On January 31st, Joe Giamichael abruptly dropped coverage of DEER (here) to better “allocate resources elsewhere.” Clients familiar with Mr. Giamichael’s research should question how DEER suddenly became a waste of resources. Mr. Giamichael had a “buy” rating on DEER since 6/15/10 and only the week before considered DEER one of the “best positioned to create value over the balance of 2012.”
That same day, short sellers received further good news from New York Supreme Court Justice Carol Edmead when she announced her preliminary decision (here) to dismiss DEER’s defamation complaint against Alfred Little for lack of personal jurisdiction in New York.

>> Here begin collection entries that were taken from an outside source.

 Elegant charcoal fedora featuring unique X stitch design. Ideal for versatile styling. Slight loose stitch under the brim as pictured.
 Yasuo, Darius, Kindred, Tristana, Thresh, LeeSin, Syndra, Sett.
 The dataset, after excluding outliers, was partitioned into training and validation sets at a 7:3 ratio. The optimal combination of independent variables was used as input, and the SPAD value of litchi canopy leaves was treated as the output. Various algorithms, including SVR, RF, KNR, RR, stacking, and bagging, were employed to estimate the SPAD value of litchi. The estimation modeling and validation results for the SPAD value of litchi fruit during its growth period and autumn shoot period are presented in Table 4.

The next day, DEER replaced its counsel (here) in the defamation suit, Robert Knuts, with John Bostany, a trademark lawyer who recently added fighting “short and distort” campaigns to the list of specialties on his website (www.bozlaw.com).

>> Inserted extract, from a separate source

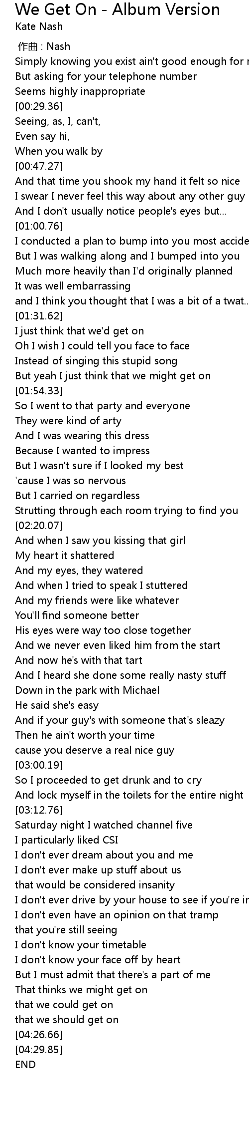 | [01:24.97] | and I think you thought that I was a bit of a twat... |
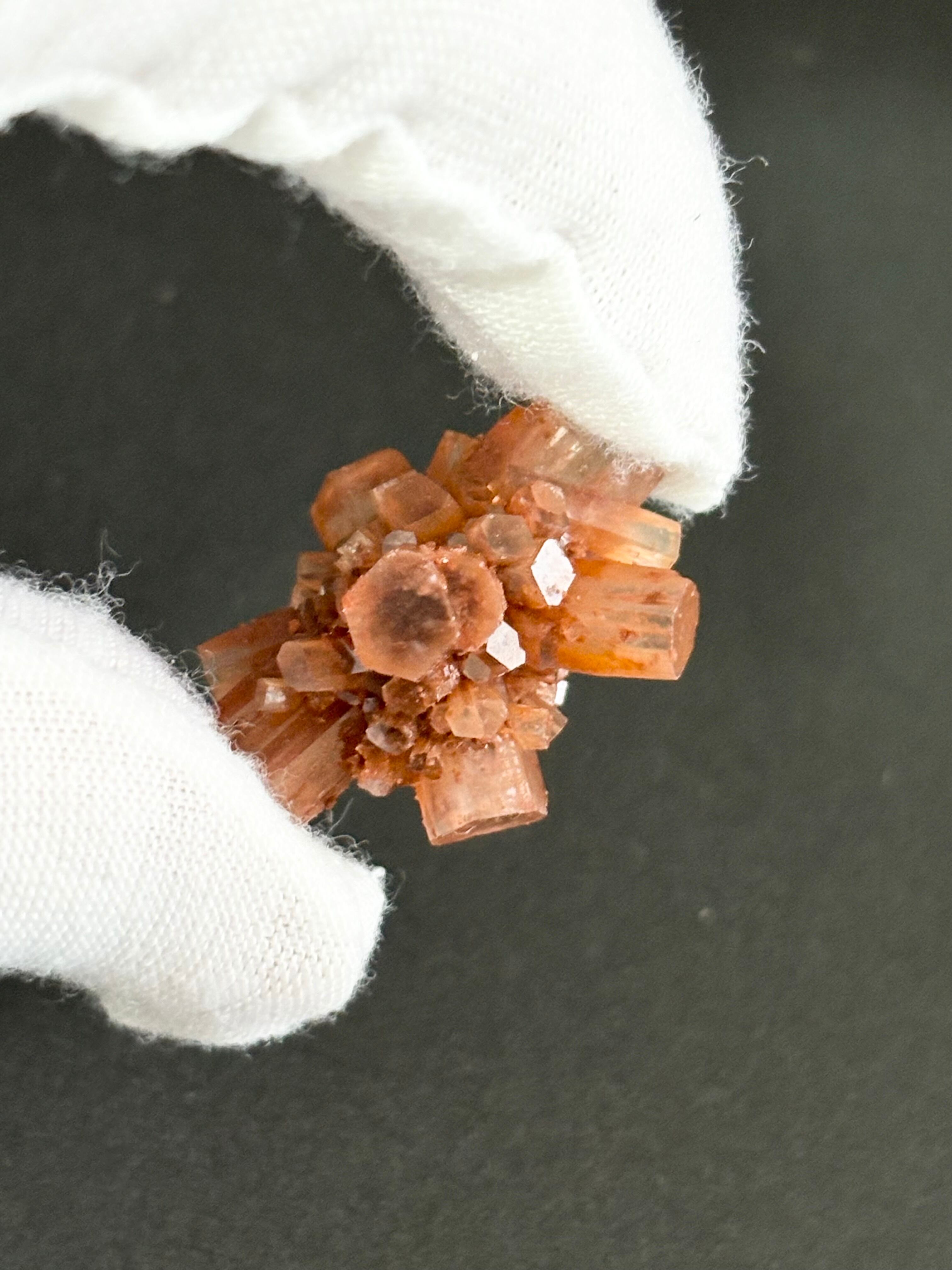 アラゴナイトはカルサイトと同じ性質を持ちながら 結晶の配列が違う兄弟石です。アラゴナイトは透明度は低いものの、エネルギー自体は非常にポジテイブで明るいものがあり、社交的な石として人間関係を良好にする、 新しい人脈ができる、人と人をつなげる、など良好な人間関係に効果をもたらしてくれる、ほのぼのとした石です。そして、こちらはスプートニクという人工衛星と形が似ている為「スプートニク型」と呼ばれるモロッコ産のアラゴナイトです。

In another clear victory for anonymous publishers and researchers, on 2/23/12 NY Supreme Court Justice Carol Edmead in the matter of DEER vs. Alfred Little ordered (here) that defendant “Alfred Little” may proceed anonymously, in accordance with the terms of a confidentiality agreement, while the parties further explore the proper jurisdiction. Justice Edmead issued her order after reviewing in camera confidential affidavits and supporting documents from Mr. Little and his associates documenting threats, intimidation and corruption by Chinese companies listed in the U.S. and Canada that she found to be “extensive, detailed and compelling.”
Then on 2/22/12 A*L’s contributors achieved their greatest victory to date when the SEC announced it charged Puda Coal (“PUDA” Pink Sheets) chairman Ming Zhao and former CEO Liping Zhu with conducting a scheme of stealing and selling Puda Coal’s key Chinese subsidiary. The SEC complaint included all of the allegations in the report first published on A*L on April 8th (here) and noted that Zhao and Zhu commenced their scheme just weeks after PUDA announced to its shareholders that the Shanxi provincial government had awarded PUDA the lucrative monopoly rights to consolidate smaller coal companies in its region.
Robert Khuzami, Director of the SEC’s Enforcement Division stated in the press release (here) accompanying the civil complaint that “Zhao and Zhu duped investors with promises that their money would be invested in a Chinese coal company when in fact the company was an empty shell that had been looted by the defendants.” I encourage everyone to read the SEC’s complaint filed (here) and compare it to the April 8th report (here) published on A*L and referenced on page 11, paragraph 27 of the SEC’s complaint. I am very proud that the SEC’s complaint confirms our contributors’ report was 100% accurate about PUDA, a feat that no other short seller has matched to date.
Unlike PUDA, not every fraud can be as easily exposed by short sellers, delisted by the Exchange and charged by the SEC. Smaller or better-concealed frauds take longer to expose. But since fraud is a binary, black or white matter, public companies found guilty of any amount of fraud should be forced to make amends to their victims. Whether or not the short sellers deserve medals for their efforts is something we can disagree on. However, their effectiveness in the past two years at exposing fraud is in sharp contrast to the total portfolio destruction caused by the legions of “professional” research analysts and bankers who earned tens of millions in fees raising billions of dollars from investors but would not spend $500 to obtain the official ownership records that proved PUDA was an empty shell.
Based on the continued successful track record of A*L contributors I expect further progress in the days and weeks ahead as DEER’s defamation suit gets dismissed and the truth comes out about SVM.